Memory of that task jarred him out of his bitter mood. He turned to Lennox. "Still no sign of the courier?"
Lennox shook his head. "Nae a trace. Tha' might be good news." The veteran swept his florid mustachios about, as if using the waxed tips as pointers. "Y'can see how little Tilly's swine care 'bout coverin' they crimes. They'll nae ha' buried a ransacked carriage. 'Tis possible t'courier is simply hiding out some'eres." Lennox pointed to the heavily forested hills a few miles to the south. "B'now, tha' must be thousands o' people hidin' in yon hills."
Mackay scanned the Thuringenwald, as that forest was called.

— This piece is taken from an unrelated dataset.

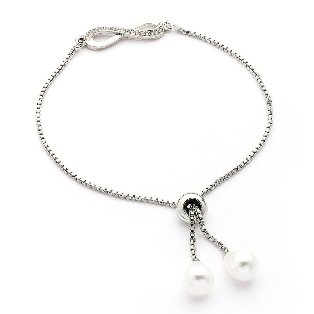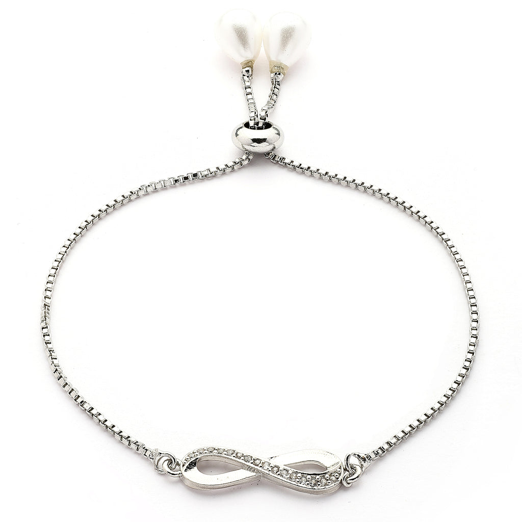 Elegant Design: This rhodium-plated wraparound bracelet showcases sparkling white Cubic Zirconia in a infinity shape, adding a touch of sophistication to your look.

He frowned suddenly. "That's odd," he mused. He pointed to a portion of the hills. "I don't remember seeing that before. That stretch there. Looks different."
Lennox squinted, then shrugged. "Sorry, lad. My eyes are nae what they were. I canna make out what ye're pointin' to."
Mackay pursed his lips, trying to think of how to describe that peculiar part of the landscape. Then, spotting movement, he thrust the problem aside. One of his soldiers was coming-at a gallop.